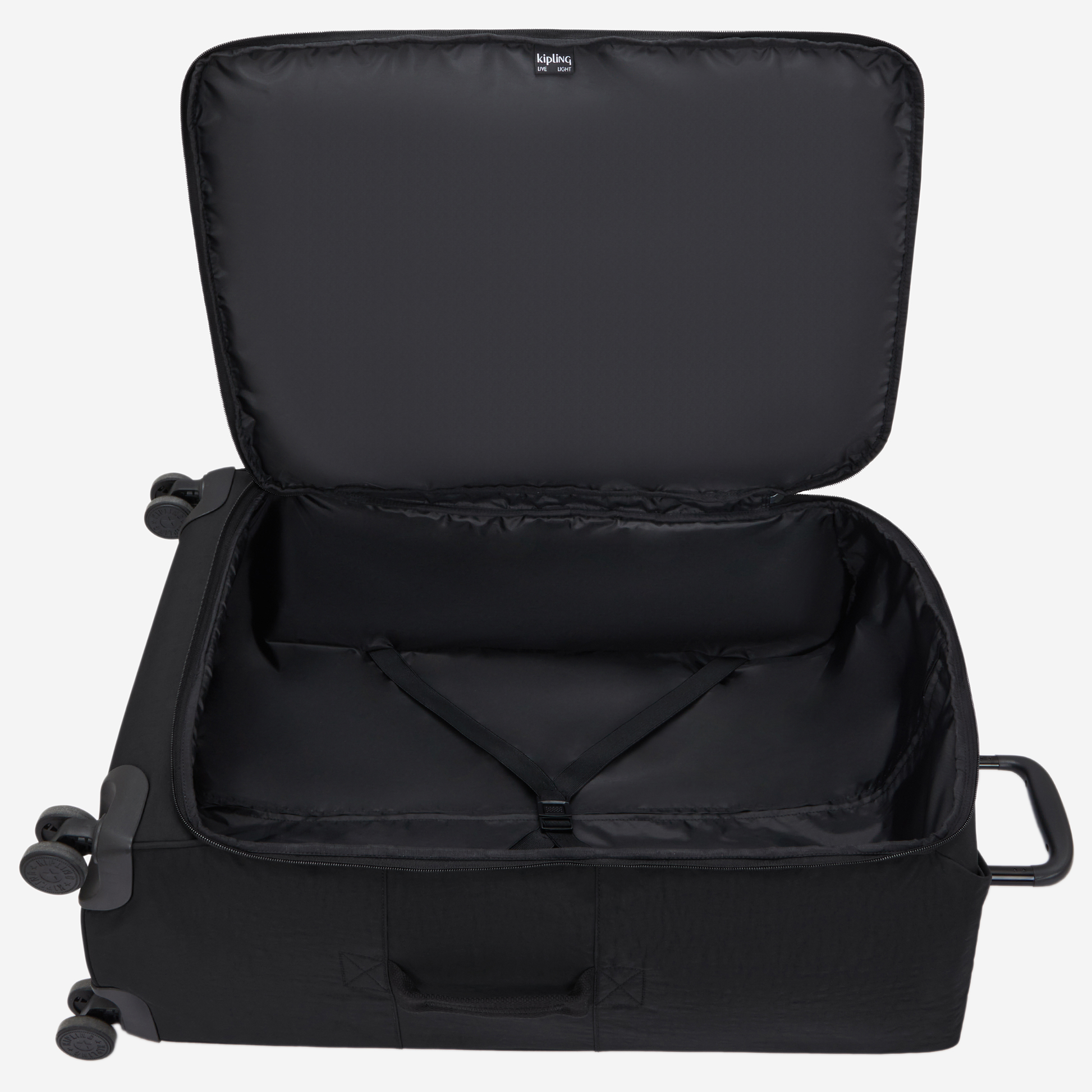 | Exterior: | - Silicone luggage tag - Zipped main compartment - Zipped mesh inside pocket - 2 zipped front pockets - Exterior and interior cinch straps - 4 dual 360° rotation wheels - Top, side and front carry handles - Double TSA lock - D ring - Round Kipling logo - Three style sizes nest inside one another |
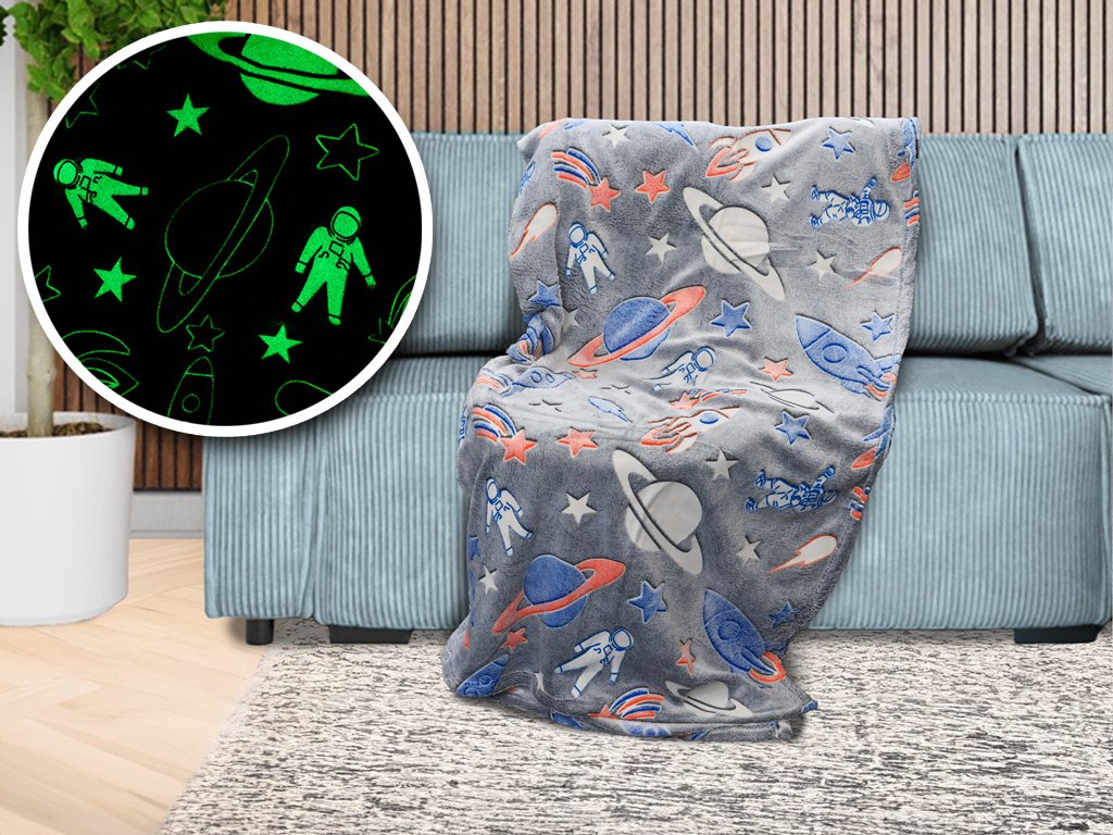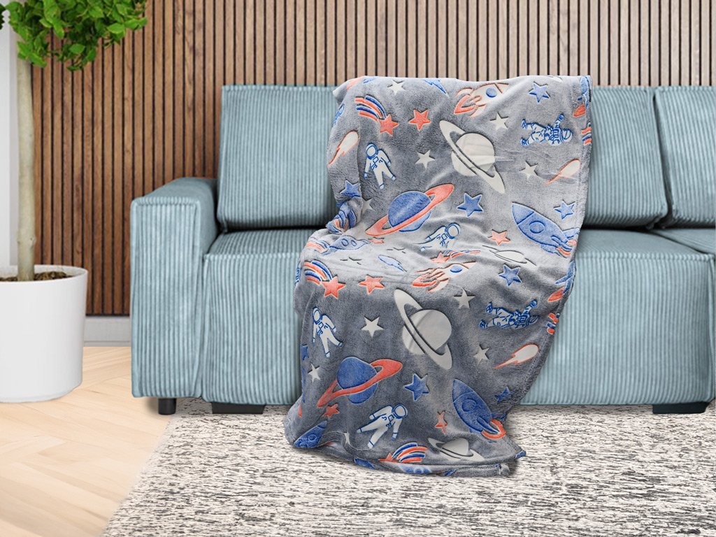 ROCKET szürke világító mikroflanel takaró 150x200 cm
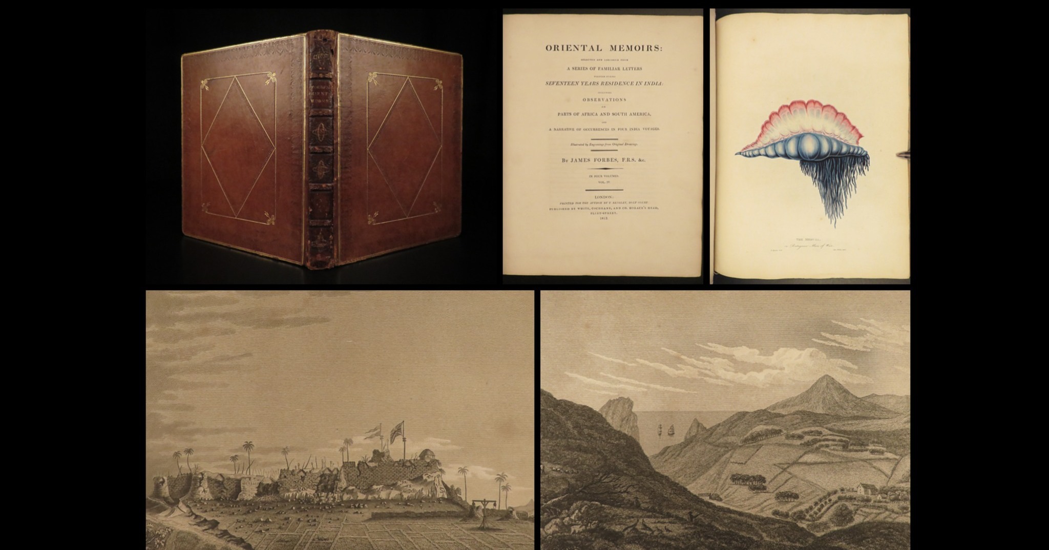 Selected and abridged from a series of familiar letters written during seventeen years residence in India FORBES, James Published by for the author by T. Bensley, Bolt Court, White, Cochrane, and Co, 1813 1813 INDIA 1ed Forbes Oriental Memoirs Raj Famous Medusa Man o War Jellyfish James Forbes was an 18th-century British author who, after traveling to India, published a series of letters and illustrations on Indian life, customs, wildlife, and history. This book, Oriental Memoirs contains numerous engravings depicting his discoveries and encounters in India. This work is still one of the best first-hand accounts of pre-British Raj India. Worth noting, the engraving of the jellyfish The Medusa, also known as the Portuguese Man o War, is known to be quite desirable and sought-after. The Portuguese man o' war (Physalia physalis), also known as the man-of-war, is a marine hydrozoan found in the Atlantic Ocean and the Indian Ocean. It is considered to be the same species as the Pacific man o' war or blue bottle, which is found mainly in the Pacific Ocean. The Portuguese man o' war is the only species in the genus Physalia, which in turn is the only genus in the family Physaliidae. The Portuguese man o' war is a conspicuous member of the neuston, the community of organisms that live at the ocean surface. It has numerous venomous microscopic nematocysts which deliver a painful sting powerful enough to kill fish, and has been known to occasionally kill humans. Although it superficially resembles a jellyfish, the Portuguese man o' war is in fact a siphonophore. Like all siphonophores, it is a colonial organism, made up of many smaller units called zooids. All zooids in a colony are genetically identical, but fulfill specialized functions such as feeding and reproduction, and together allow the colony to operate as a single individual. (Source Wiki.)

■ **ABOUT THIS TASK**: Would you transcribe all of the data exactly, omitting any pictures?

■ **EXERCISE OUTPUT**:
 | Exterior: | - Silicone luggage tag - Zipped main compartment - Zipped mesh inside pocket - 2 zipped front pockets - Exterior and interior cinch straps - 4 dual 360° rotation wheels - Top, side and front carry handles - Double TSA lock - D ring - Round Kipling logo - Three style sizes nest inside one another |
 ROCKET szürke világító mikroflanel takaró 150x200 cm
 Selected and abridged from a series of familiar letters written during seventeen years residence in India FORBES, James Published by for the author by T. Bensley, Bolt Court, White, Cochrane, and Co, 1813 1813 INDIA 1ed Forbes Oriental Memoirs Raj Famous Medusa Man o War Jellyfish James Forbes was an 18th-century British author who, after traveling to India, published a series of letters and illustrations on Indian life, customs, wildlife, and history. This book, Oriental Memoirs contains numerous engravings depicting his discoveries and encounters in India. This work is still one of the best first-hand accounts of pre-British Raj India. Worth noting, the engraving of the jellyfish The Medusa, also known as the Portuguese Man o War, is known to be quite desirable and sought-after. The Portuguese man o' war (Physalia physalis), also known as the man-of-war, is a marine hydrozoan found in the Atlantic Ocean and the Indian Ocean. It is considered to be the same species as the Pacific man o' war or blue bottle, which is found mainly in the Pacific Ocean. The Portuguese man o' war is the only species in the genus Physalia, which in turn is the only genus in the family Physaliidae. The Portuguese man o' war is a conspicuous member of the neuston, the community of organisms that live at the ocean surface. It has numerous venomous microscopic nematocysts which deliver a painful sting powerful enough to kill fish, and has been known to occasionally kill humans. Although it superficially resembles a jellyfish, the Portuguese man o' war is in fact a siphonophore. Like all siphonophores, it is a colonial organism, made up of many smaller units called zooids. All zooids in a colony are genetically identical, but fulfill specialized functions such as feeding and reproduction, and together allow the colony to operate as a single individual. (Source Wiki.)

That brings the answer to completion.